DCM is associated with 4 different risk variants. DCM1 and DCM2 mutations are both dominantly inherited and are mostly present in the USA, meanwhile the two of the following mutations, DCM3 and DCM4, are mostly present in Europe, with DCM3 following a dominant inheritance pattern and DCM4 following a recessive inheritance pattern. The results of genetic testing indicated that DCM1 and DCM2 are associated linkage markers for DCM in USA Dobermans and that DCM3 and DCM4 are highly associated linkage markers for DCM in European Dobermans, meanwhile DCM1/DCM2 have been shown to have no association with risk in European Dobermans.

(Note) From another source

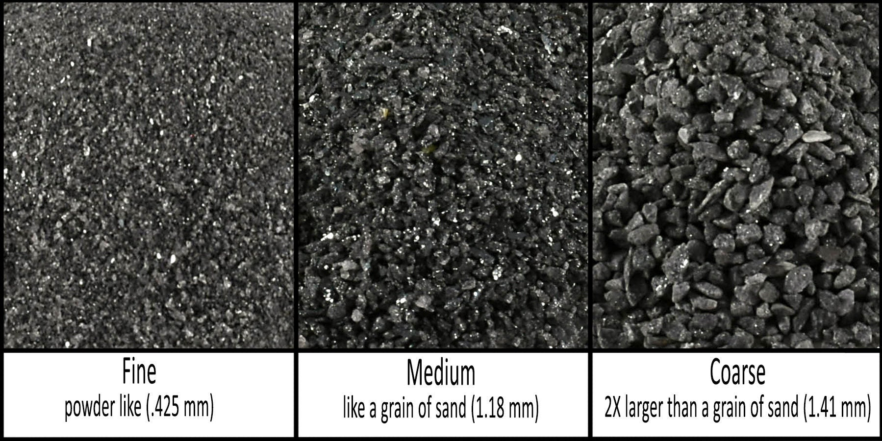 - Crushed and separated into Fine(0.425mm), Medium(1.18mm) and Coarse(1.41)

DCM is a disorder of multifactorial nature, which means that there is no exact genetic risk factor and there may also be other genetic or environmental factors affecting development and progression of the disease. There is also no apparent difference in clinical severity between dogs affected by either of one mutation, with all of the affected dogs developing the disease by the age of 6 years. However, there is a protentional higher risk of developing DCM if a dog is carrier or affected by two or more combinations of risk variants.
For USA Dobermans: Risk of dogs developing a DCM based on inheritance of both variants DCM1 and DCM2 is considered higher than in those clear of either risk variant. However, not all dogs with the variants will develop DCM, so the variants are of incomplete penetrance.

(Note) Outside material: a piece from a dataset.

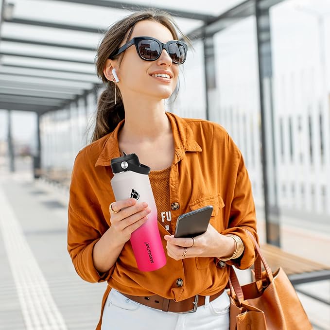 - 【FUNCTIONAL DESIGN】32oz(946ml)insulated water bottle fit any standard car cup holder comes with The non-slip layer of Powder Coating ensures you hang on to your bottle during a work out, hike or yoga.Various colors SENDESTAR is good for people of all ages and perfect companion for all activities.
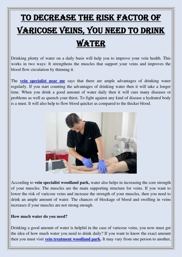 To decrease the risk factor of To decrease the risk factor of varicose veins, you need to drink varicose veins, you need to drink water water Drinking plenty of water on a daily basis will help you to improve your vein health. This works in two ways: It strengthens the muscles that support your veins and improves the blood flow circulation by thinning it. The vein specialist near me says that there are ample advantages of drinking water regularly. If you start counting the advantages of drinking water then it will take a longer time. When you drink a good amount of water daily then it will cure many diseases or problems as well as quench your thirst. To fight against any kind of disease a hydrated body is a must. It will also help to flow blood quicker as compared to the thicker blood. According to vein specialist woodland park, water also helps in increasing the core strength of your muscles. The muscles are the main supporting structure for veins. If you want to lower the risk of varicose veins and increase the strength of your muscles, then you need to drink an ample amount of water. The chances of blockage of blood and swelling in veins increases if your muscles are not strong enough. How much water do you need? Drinking a good amount of water is helpful in the case of varicose veins, you now must get the idea of how much water you need to drink daily? If you want to know the exact amount then you must visit vein treatment woodland park. It may vary from one person to another,

For the European Dobermans: Risk of developing a DCM based on inheritance of DCM3 and DCM4 risk variants (for better understanding look at the table below). Note that DCM4 has a stronger influence on risk compared to DCM3.
Genotype / risk | DCM4 clear | DCM4 carrier | DCM4 affected |
DCM3 clear | low risk | low risk | high risk |
DCM3 carrier | medium risk | medium risk | high risk |
DCM3 affected | high risk | high risk | highest risk |
For breeders: Given limited number of clear dogs for DCM variants, breeders should focus on gradually reducing the frequency of highest-risk dogs over several generations to safely pass the good genetics and features on to future litters while eliminating the risk of developing a DCM. However, this approach carries the risk of overusing certain sires, creating population bottlenecks and reducing genetic diversity within the breed.
Inheritance: complex
Mutation: PDK4, TTN, SNP on chromosome 5, RNF207
Genetic test: The method used for testing is extremely accurate and allows complete differentiation between affected animals, carriers and healthy dogs. Testing can be done at any age.